§ Exercise prompt:
Only one portion of the data is to be written out: from the line bearing "Partner with Amy" through the line bearing "08:03:20Die Atmosphäre wird". Write it exactly as it appears.

=== Information supplied ===

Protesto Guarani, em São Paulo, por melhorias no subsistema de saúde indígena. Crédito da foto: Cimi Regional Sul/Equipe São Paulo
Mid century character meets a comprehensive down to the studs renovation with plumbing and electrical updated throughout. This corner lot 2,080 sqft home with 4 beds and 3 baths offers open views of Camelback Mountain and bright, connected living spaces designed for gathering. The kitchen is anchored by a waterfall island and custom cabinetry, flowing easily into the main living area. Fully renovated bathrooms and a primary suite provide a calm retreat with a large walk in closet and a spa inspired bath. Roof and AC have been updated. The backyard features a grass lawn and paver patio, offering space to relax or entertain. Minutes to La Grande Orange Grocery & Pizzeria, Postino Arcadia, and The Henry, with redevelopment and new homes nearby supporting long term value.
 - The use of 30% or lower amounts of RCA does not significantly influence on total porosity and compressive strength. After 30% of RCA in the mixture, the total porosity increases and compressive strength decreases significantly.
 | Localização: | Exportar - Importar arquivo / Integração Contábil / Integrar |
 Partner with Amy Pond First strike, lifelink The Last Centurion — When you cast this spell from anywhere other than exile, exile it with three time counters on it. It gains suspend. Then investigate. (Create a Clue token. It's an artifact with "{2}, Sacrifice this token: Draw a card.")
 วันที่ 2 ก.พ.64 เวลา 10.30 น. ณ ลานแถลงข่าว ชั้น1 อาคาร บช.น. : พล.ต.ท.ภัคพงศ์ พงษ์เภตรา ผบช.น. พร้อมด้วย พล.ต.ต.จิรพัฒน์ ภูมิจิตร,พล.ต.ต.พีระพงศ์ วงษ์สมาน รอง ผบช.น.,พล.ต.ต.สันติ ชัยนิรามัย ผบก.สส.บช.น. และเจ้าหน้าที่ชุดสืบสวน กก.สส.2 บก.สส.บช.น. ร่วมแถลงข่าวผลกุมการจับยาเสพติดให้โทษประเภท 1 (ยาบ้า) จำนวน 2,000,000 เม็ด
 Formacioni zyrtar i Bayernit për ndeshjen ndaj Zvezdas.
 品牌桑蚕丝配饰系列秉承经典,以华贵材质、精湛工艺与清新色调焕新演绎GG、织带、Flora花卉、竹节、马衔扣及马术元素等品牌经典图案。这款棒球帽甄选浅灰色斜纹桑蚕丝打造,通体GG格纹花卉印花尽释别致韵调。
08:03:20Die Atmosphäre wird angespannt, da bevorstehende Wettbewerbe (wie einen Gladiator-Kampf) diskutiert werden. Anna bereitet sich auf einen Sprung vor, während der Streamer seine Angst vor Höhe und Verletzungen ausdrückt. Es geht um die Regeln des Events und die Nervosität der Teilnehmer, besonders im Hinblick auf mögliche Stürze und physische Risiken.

===
=== Information supplied ===

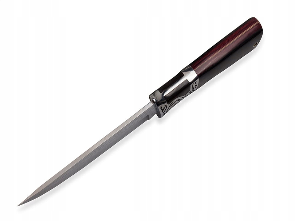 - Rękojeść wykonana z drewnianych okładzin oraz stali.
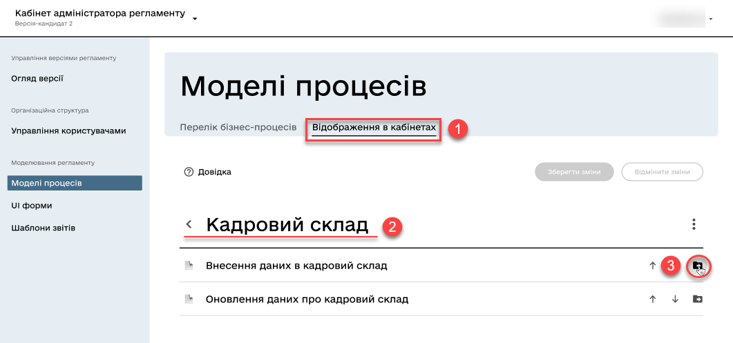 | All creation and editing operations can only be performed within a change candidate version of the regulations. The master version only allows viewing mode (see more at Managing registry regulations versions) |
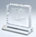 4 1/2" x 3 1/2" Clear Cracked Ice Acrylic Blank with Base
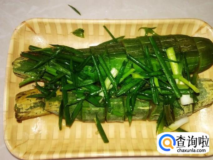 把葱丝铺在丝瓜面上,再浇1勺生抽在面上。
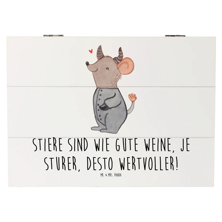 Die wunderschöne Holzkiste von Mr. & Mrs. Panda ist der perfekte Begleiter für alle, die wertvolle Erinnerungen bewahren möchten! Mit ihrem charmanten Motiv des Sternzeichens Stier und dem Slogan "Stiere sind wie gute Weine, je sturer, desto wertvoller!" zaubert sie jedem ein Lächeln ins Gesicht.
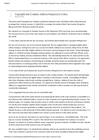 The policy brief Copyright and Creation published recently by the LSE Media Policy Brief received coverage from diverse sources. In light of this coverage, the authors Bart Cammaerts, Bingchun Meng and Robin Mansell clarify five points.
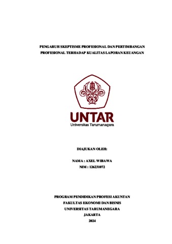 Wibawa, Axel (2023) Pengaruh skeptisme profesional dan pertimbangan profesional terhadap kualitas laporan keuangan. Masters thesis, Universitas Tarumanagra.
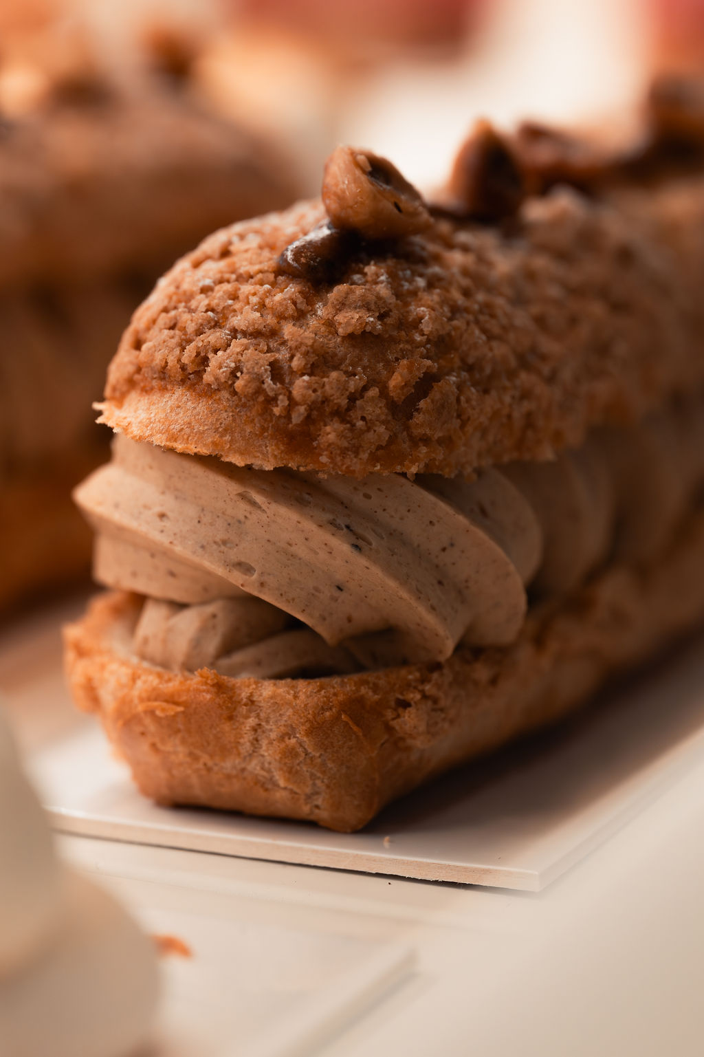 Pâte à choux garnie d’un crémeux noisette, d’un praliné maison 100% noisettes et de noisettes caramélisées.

===
=== Information supplied ===

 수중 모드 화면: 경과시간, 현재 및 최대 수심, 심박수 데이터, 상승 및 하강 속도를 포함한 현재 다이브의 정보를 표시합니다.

===

§ Exercise solution:
 Partner with Amy Pond First strike, lifelink The Last Centurion — When you cast this spell from anywhere other than exile, exile it with three time counters on it. It gains suspend. Then investigate. (Create a Clue token. It's an artifact with "{2}, Sacrifice this token: Draw a card.")
 วันที่ 2 ก.พ.64 เวลา 10.30 น. ณ ลานแถลงข่าว ชั้น1 อาคาร บช.น. : พล.ต.ท.ภัคพงศ์ พงษ์เภตรา ผบช.น. พร้อมด้วย พล.ต.ต.จิรพัฒน์ ภูมิจิตร,พล.ต.ต.พีระพงศ์ วงษ์สมาน รอง ผบช.น.,พล.ต.ต.สันติ ชัยนิรามัย ผบก.สส.บช.น. และเจ้าหน้าที่ชุดสืบสวน กก.สส.2 บก.สส.บช.น. ร่วมแถลงข่าวผลกุมการจับยาเสพติดให้โทษประเภท 1 (ยาบ้า) จำนวน 2,000,000 เม็ด
 Formacioni zyrtar i Bayernit për ndeshjen ndaj Zvezdas.
 品牌桑蚕丝配饰系列秉承经典,以华贵材质、精湛工艺与清新色调焕新演绎GG、织带、Flora花卉、竹节、马衔扣及马术元素等品牌经典图案。这款棒球帽甄选浅灰色斜纹桑蚕丝打造,通体GG格纹花卉印花尽释别致韵调。
08:03:20Die Atmosphäre wird angespannt, da bevorstehende Wettbewerbe (wie einen Gladiator-Kampf) diskutiert werden. Anna bereitet sich auf einen Sprung vor, während der Streamer seine Angst vor Höhe und Verletzungen ausdrückt. Es geht um die Regeln des Events und die Nervosität der Teilnehmer, besonders im Hinblick auf mögliche Stürze und physische Risiken.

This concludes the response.